Note that above equations implies that we need to store \(\boldsymbol{h} _j\) at every intermediate steps. This leads to a memory problem, see Truncated BPTT for solution.

Exploding Gradient

From the toy case above, we see that there the accumulative gradient leads to

\[ \boldsymbol{W}\texttt{.grad} = \sum _{j=t-1} ^1\frac{\partial \mathcal{L}}{\partial \boldsymbol{h}_{j}}\left[\boldsymbol{h}_{j-1}; \boldsymbol{x}_{j}\right]^{\top} \]

which can explode. In practice, people use gradient clip: if \(\left\| \boldsymbol{W}\texttt{.grad} \right\| > \delta\), then set

\[ \boldsymbol{W}\texttt{.grad} = \frac{\delta \boldsymbol{W}\texttt{.grad}}{\left\| \boldsymbol{W}\texttt{.grad} \right\| } \]

to ensure the gradient norm is at most \(\delta\).

Other Structure

As said, we only introduce RNN for sequence classification. There are many other RNN structures to other tasks.

Fig. 176 Different RNN structures to different tasks [figure link]

More reference.

Bidirectional RNNs

In RNN, when we see a word \(\boldsymbol{x} _t\), we look up \(\boldsymbol{h} _{t-1}\) which contains information from the past words. But in natural language, in a sentence, to understand a word, we may need a word in the future (e.g. postpositive adjective). Hence, can we extract information from \(\boldsymbol{x} _t\) and understand \(\boldsymbol{x} _{t-1}, \boldsymbol{x} _{t-2}, \ldots\) and so on?

Given an input sequence \(\boldsymbol{X}_i = (\boldsymbol{x} _1, \ldots, \boldsymbol{x} _t)\), we can build two RNNs,

  • one produces \(\boldsymbol{h} ^{\text{fwd} }\) from input \((\boldsymbol{x} _1, \ldots, \boldsymbol{x} _t)\) with parameters \((\boldsymbol{W} ^{\text{fwd} }, \boldsymbol{b} ^{\text{fwd} })\)

  • the other produces \(\boldsymbol{h} ^{\text{bwd} }\) from input \((\boldsymbol{x} _t, \ldots, \boldsymbol{x} _1)\) with parameters \((\boldsymbol{W} ^{\text{bwd} }, \boldsymbol{b} ^{\text{bwd} })\)

The below graph illustrate a many-to-many BiRNN.

  • \(\boldsymbol{x}_i\) is connected to both \(A_i\) and \(A_i ^\prime\) blocks, meaning that it is input to both blocks

  • Both \(A_i\) and \(A_i ^\prime\) and connected to \(\boldsymbol{y}_i\), this means concatenation, hence \(\boldsymbol{y} \in \mathbb{R} ^{2d}\)

  • The output are \((\boldsymbol{y} _0, \boldsymbol{y} _1, \ldots, \boldsymbol{y} _t)\).

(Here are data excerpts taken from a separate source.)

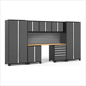 NewAge Garage Cabinets PRO Series Grey 8-Piece Set with Bamboo Top and Slatwall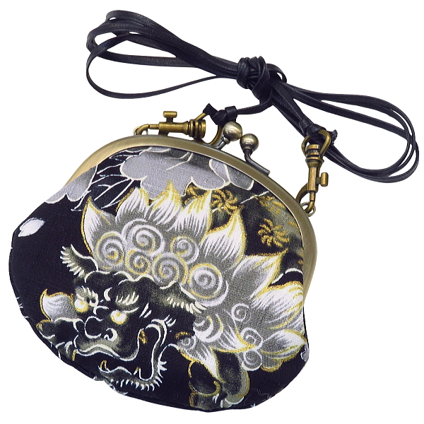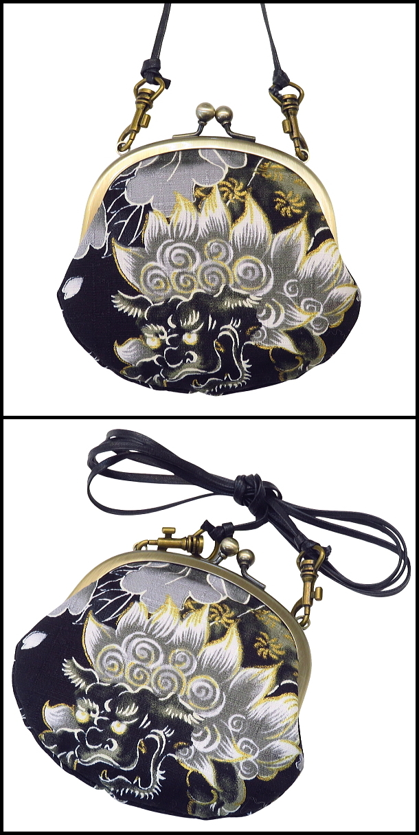がま口ショルダー 3.3寸 「唐獅子牡丹と桜吹雪・黒」小銭・小物入れ・日本製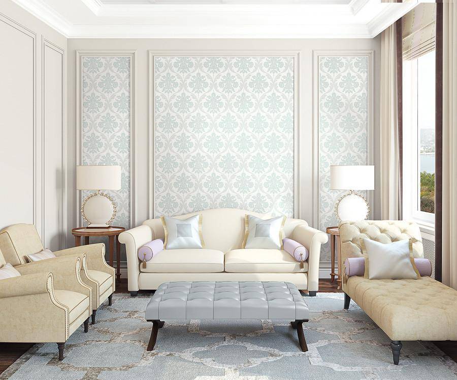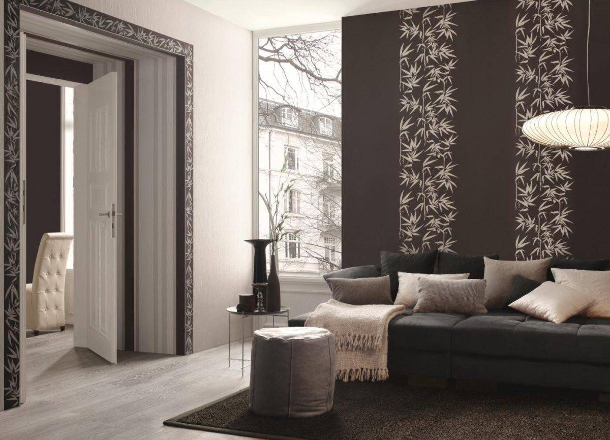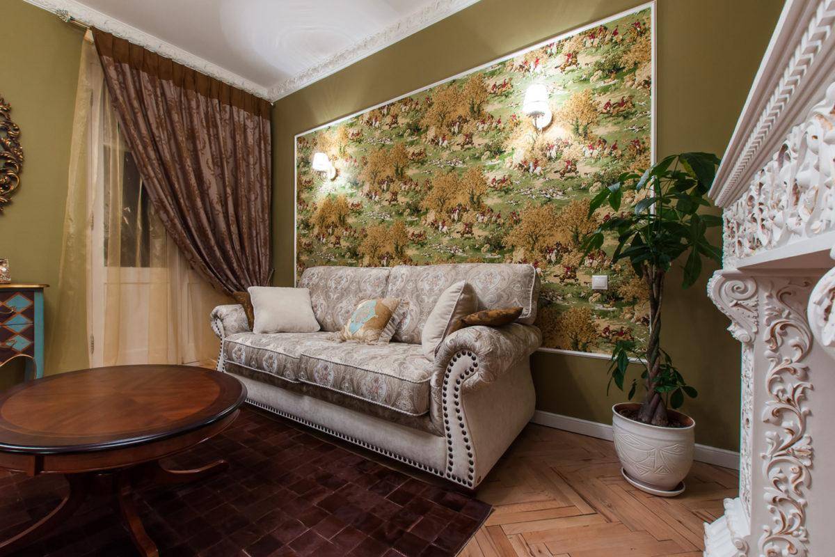 Украшением гостиной может стать участок стены, оклеенный обоями, отличающимися по цвету, узору или фактуре.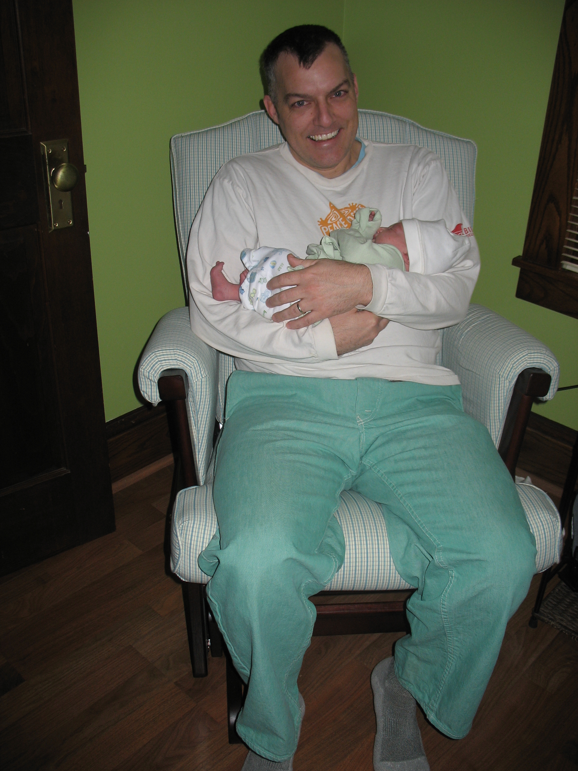 After a major spit-up incident, Nico was happy as a clam wrapped up in his Daddy's arms. Daddy looks quite content too...obviously, it wasn't him who'd been spewed upon only moments before!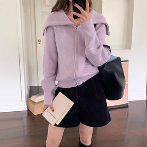 跨境欧美双拉链海军领毛衣女2025秋冬宽松慵懒风针织开衫外套上衣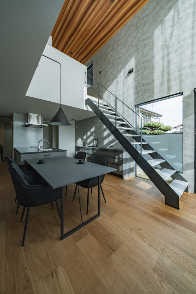リビングやキッチンには直線的なラインを多く取り入れ、視線がすっきりと流れる空間に。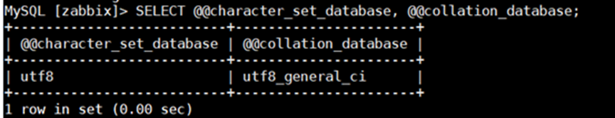 MySQL [zabbix]> SELECT @@character_set_database, @@collation_database;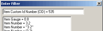 The search can also be made up of multiple filters to allow for greater control; for example, Item Custom Id Number (CID) = 535 and Item Description not Fire Damper Flanged.
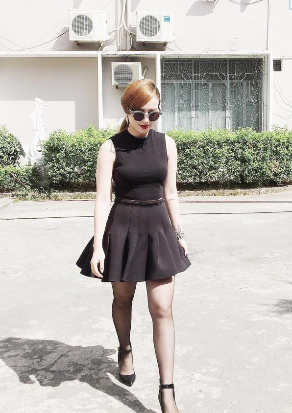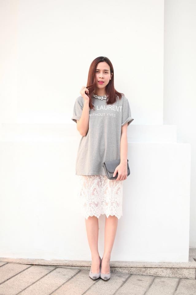 | Bà mẹ một con Lưu Hương Giang chọn tông màu nhã nhặn khi xuống phố. Lần này, nữ ca sĩ mix áo thun xám cùng chân váy ren nữ tính và không kém phần thoải mái. |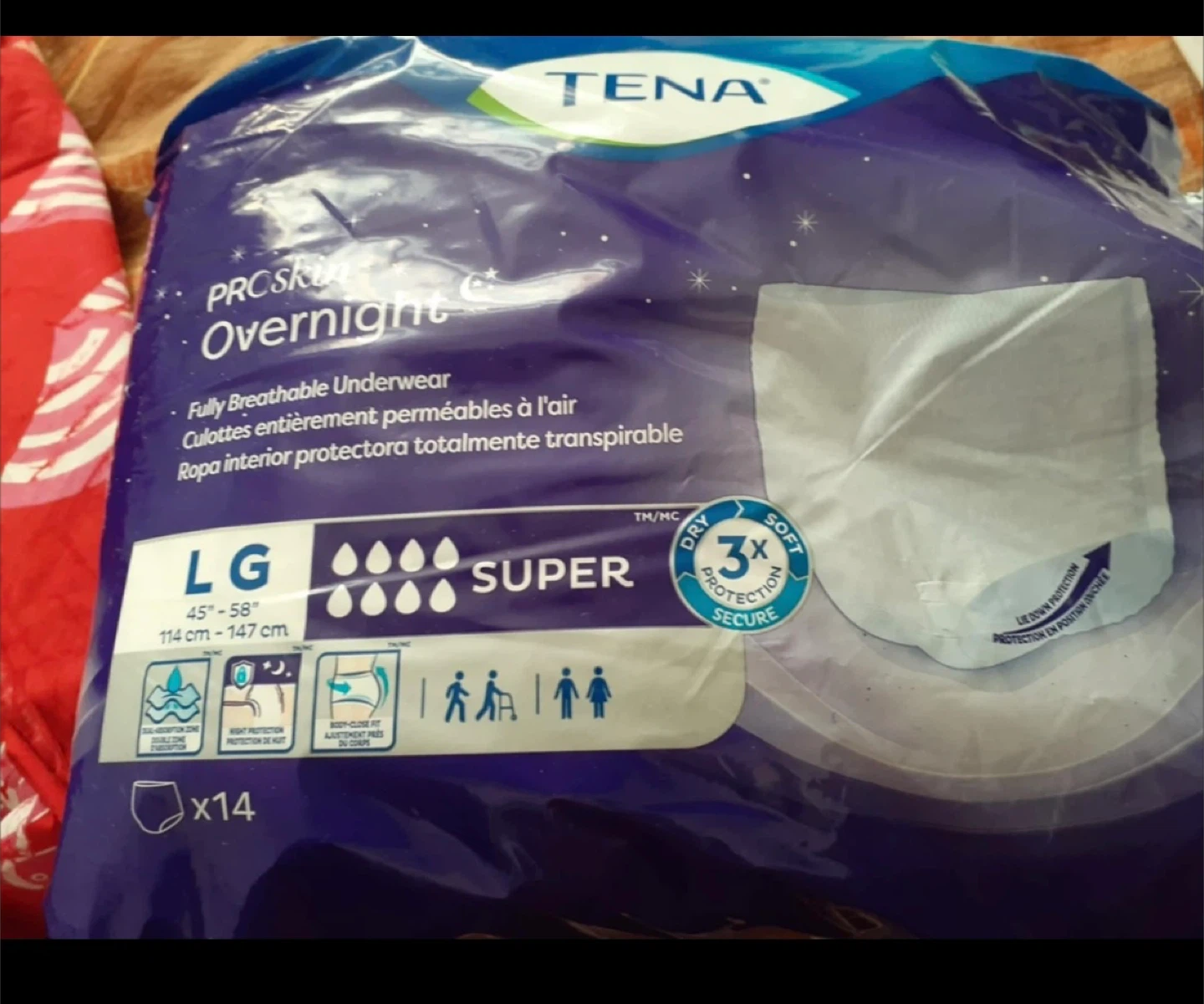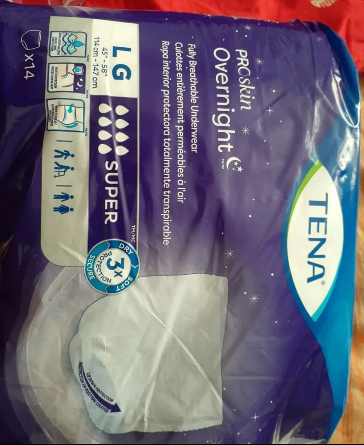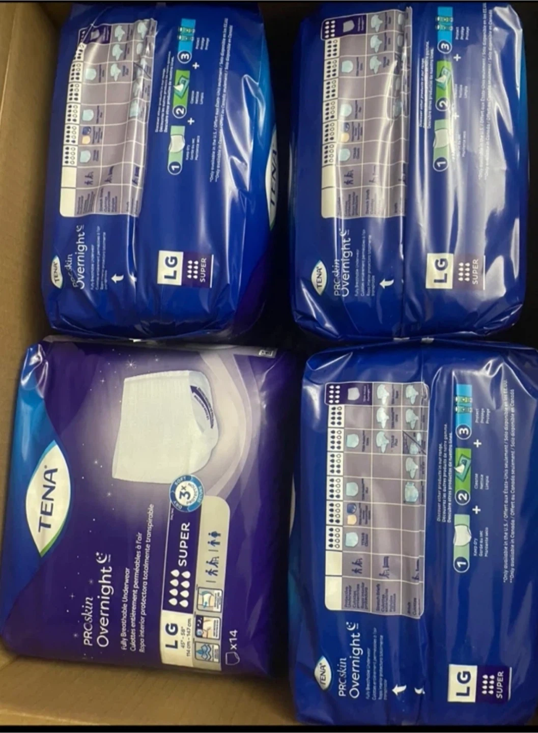 Selling TENA ProSkin Overnight Underwear in size Large with Super absorbency. These are fully breathable underwear designed for comfort and superior skin health. They fit waist sizes 45"-58" (114 cm - 147 cm). Each package contains 14 briefs.each box has 4 bags diapers as a box $65 or buy all of them 45 bags get discount no drop off only pick up by door Markham and Lawrence avenue east.

In particular, for many-to-one BiRNN, the output feature for downstream task can be \([\boldsymbol{h} ^{\text{fwd} }_t;\boldsymbol{h} ^{\text{bwd} }_1]\)

Fig. 177 Bidirectional RNN [Chris Olah]

Multi-layer RNN

In RNNs, the hidden states of each block \(\boldsymbol{h} _j\) can be used as input vector “\(\boldsymbol{x} _j\)” to another RNN. Following this idea, we can build multi-layer RNN.

Fig. 178 Multi-layer RNNs [figure link]

Note that the computation time for \(1\)-layer RNN is \(O(t)\), and for \(L\)-layer RNN is \(O(L+t)\), not \(O(L\times t)\). Think about forward propagation, when processing the \(j\)-th block in the first layer, we can simultaneously process the \((j-1)\)-th block in the 2nd layer, and \((j-2)\)-th block in the 3rd layer, etc.. That is, the blocks along a diagonal can be computed simultaneously. Hence, the computation progress from bottom left to top right of the \(L \times t\) grid, and the maximum length of a diagonal is \(O(L+t)\)

Truncated BPTT

In RNNs, we must store every \(\boldsymbol{h} _j\) in order to compute the gradient in the backward propagation. If \(t\) is large, then there is no enough memory. To solve this, we do Truncated Backpropagation Through Time. The main idea is that we run forward propagation and backward propagation w.r.t. each segment, instead of w.r.t. a whole sequence.

We chop a sequence into chunks of vectors. In a segment covering time \(j+1, \ldots, k\), suppose the last vector is \(\boldsymbol{x} _{k}\), and the hidden vector from last segment is \(h_{j}\), we do

  • Run forward propagation using \(\boldsymbol{h} _j\) and \((\boldsymbol{x} _{j+1}, \ldots, \boldsymbol{x} _k)\) to compute \(\boldsymbol{h} _k\), also stores \((\boldsymbol{h} _{j+1}, \ldots, \boldsymbol{h} _{k-1})\).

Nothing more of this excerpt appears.